“I’m sorry, my mistake. Television presenter.”
Chief Inspector Coleridge dumped the thick file of suspect profiles onto his desk and turned his attention once more to the big video screen that had been erected in the corner of the incident room. For the previous two hours he had been watching tapes at random.
Garry lounged on the green couch. The pause button was down and Garry’s image was frozen. Had the tape been running, the picture would have been much the same, for Garry was in his customary position, legs spread wide, muscles flexed, left hand idly fondling his testicles.
A blurred blue eagle hovered above his right ankle. Coleridge hated that eagle. Just what the hell did this pointless lump of arrogance and ignorance think he had in common with an eagle? He pressed play and Garry spoke.
“Your basic English Premier League team consists of ten idiots and one big gorilla hanging about up at the front, usually a black geezer.”
Coleridge struggled to care.
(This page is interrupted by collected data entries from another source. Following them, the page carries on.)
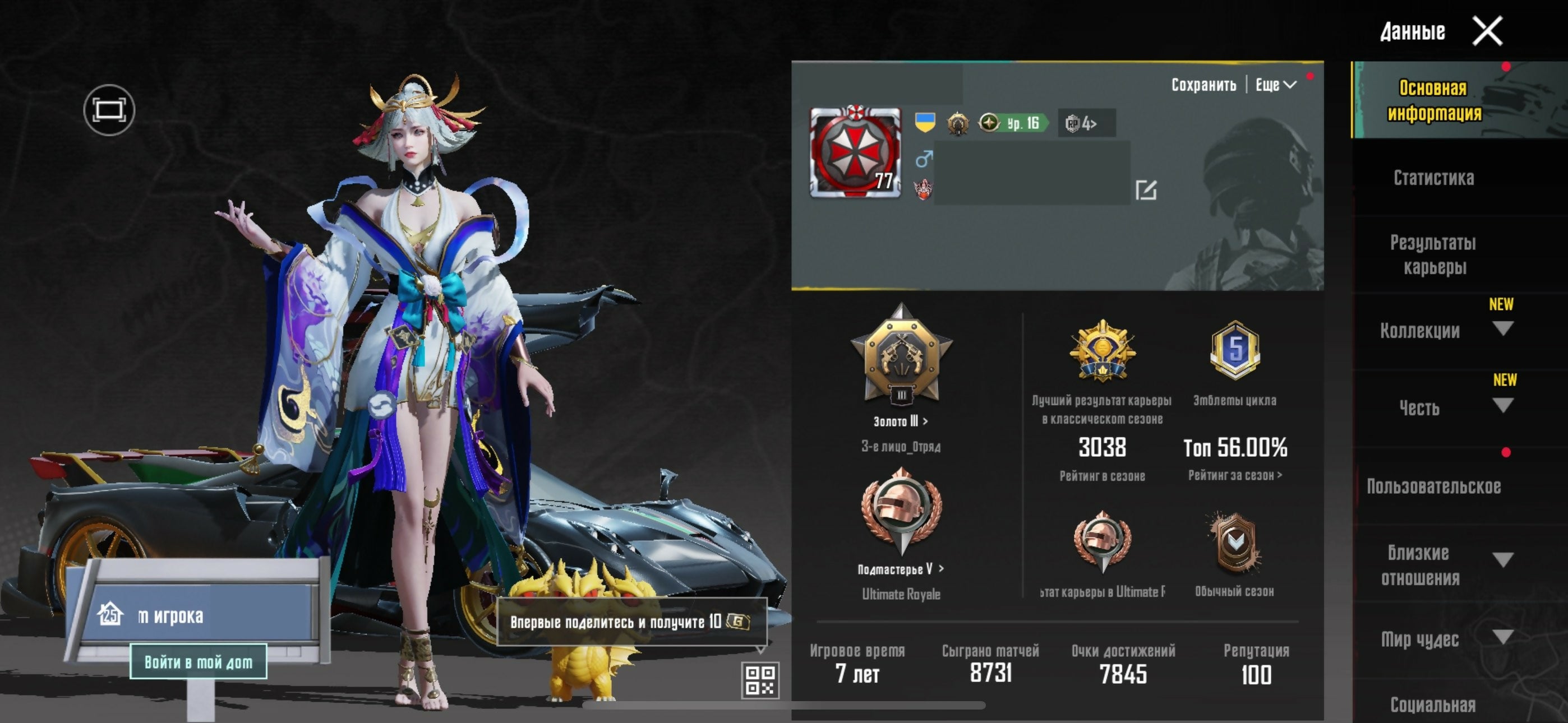 ⭐️Sell⭐️ Personal account⭐️ Old account⭐️ Basis⭐️Guarantee⭐️, Sale, 77 level, Rank: Ace, 100+ Mythic skins, 20+ upgradeable weapons, 10+ Kill chats, 1-5 Sport cars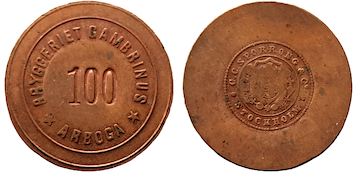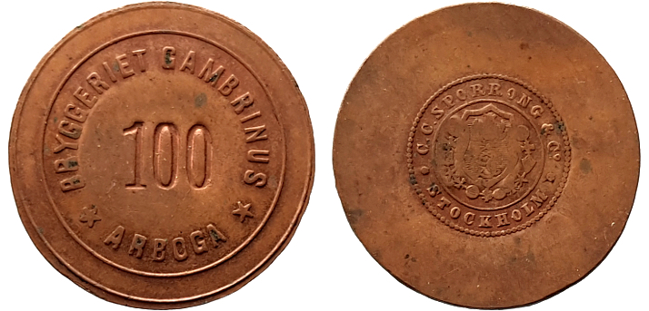 BRYGGERIET GAMBRINUS ARBOGA 100 )( SpNS. Koppar.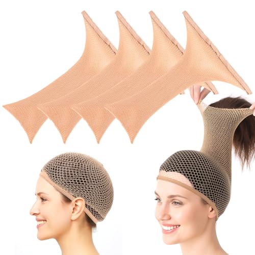 4Pcs Wig Cap Hair Net for Wigs 22 CM Large Mesh Wig Cap for Long Hair for Women Nylon Net Non Slip Natural Nude Strength Wigs Caps for Halloween Rave Party Cosplay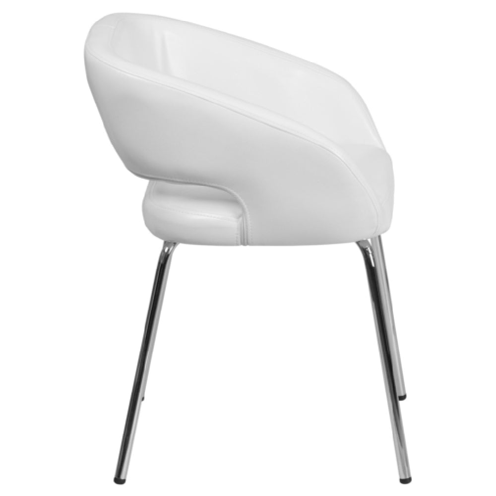 The Flash Furniture CH-162731-WH-GG Fusion Series Side/Reception/Lounge Chair is a commercial-grade indoor seating solution crafted for professional environments such as reception areas, lounge spaces, and waiting rooms. Featuring a curved frame design, this armchair offers ergonomic comfort with a sleek aesthetic. Upholstered with LeatherSoft material, it provides durability and easy maintenance, enhanced by CA117 fire retardant foam for safety compliance. The chair's chrome legs with plastic floor glides ensure stability and protect flooring surfaces. At a height of 28.75 inches, with a width of 23.5 inches and depth of 21.75 inches, this model balances space efficiency with substantial seating capacity, making it suitable for high-traffic commercial settings requiring reliable, stylish, and comfortable lounge furniture.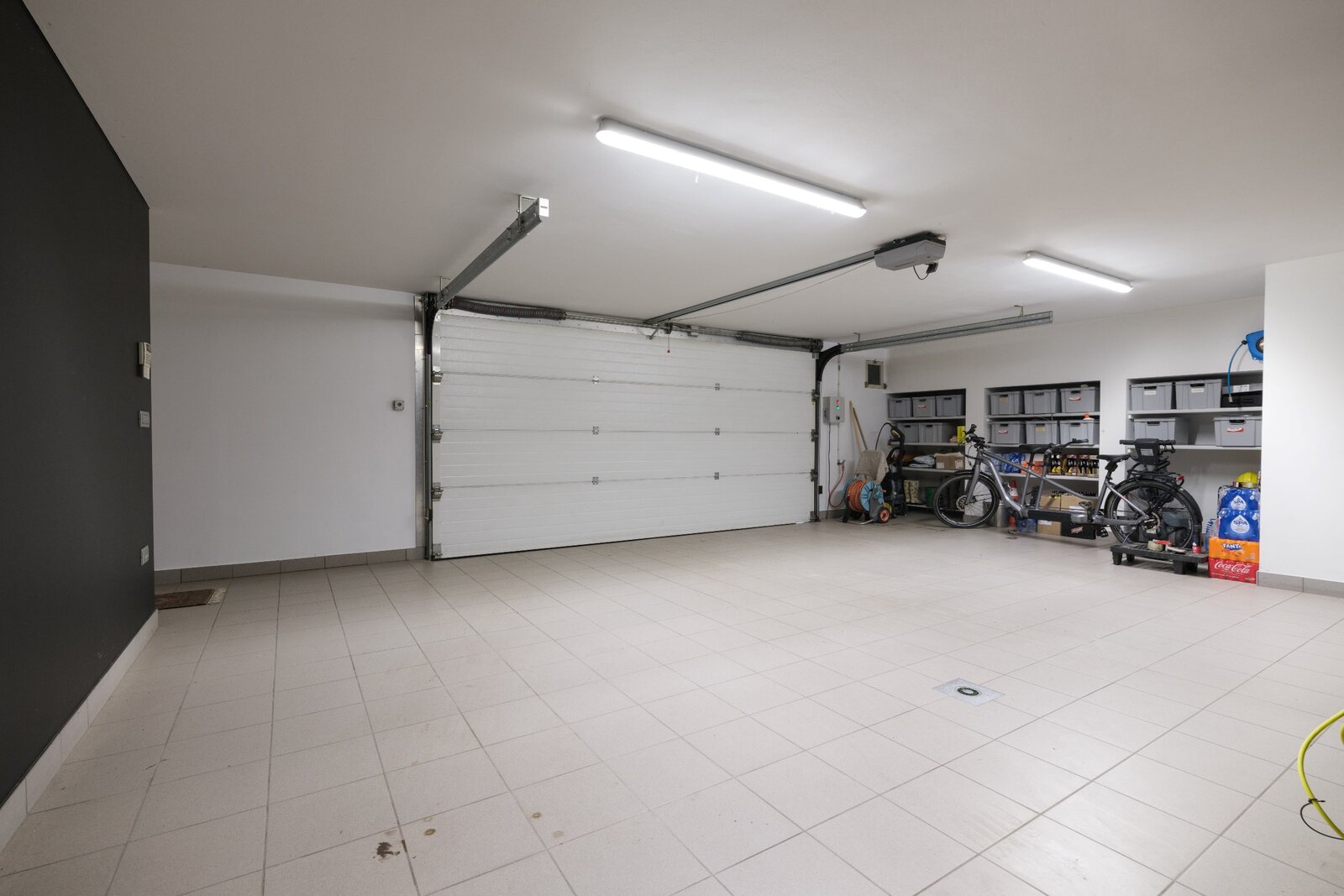De tuin is schitterend aangelegd met zuidgerichte terrassen voorzien van zonneluifel aanpalend de woning en een overdekt terras achteraan in de tuin. Verwarmd buitenzwembad (via warmtepomp) met automatisch roldeck. Tuinberegening aanwezig, aangesloten op geboorde put. Verder nog een praktische tuinberging.

Already his mind was drifting. How much rubbish could these people talk? Everybody talked rubbish, of course, but with most people it just disappeared into the ether; with this lot it was there for ever. What was more, it was evidence. He had to listen to it.
“… What the ten idiots have to do is keep kicking the ball up to the gorilla in the hope that he’ll be unmarked and get a lucky shot in.”
The world had heard these sparkling observations before: they had been chosen for broadcast, the people at Peeping Tom Productions having been thrilled with them. The words “black” and “gorilla” in the same sentence would make a terrific reality TV moment.
“‘Bold, provocative and controversial’,” Coleridge muttered under his breath.
He was quoting from a newspaper article he had found inside the box of the video tape he was watching. All of the House Arrest tapes had arrived with the appropriate press clippings attached. The Peeping Tom media office were nothing if not thorough. When you asked for their archive, you got it.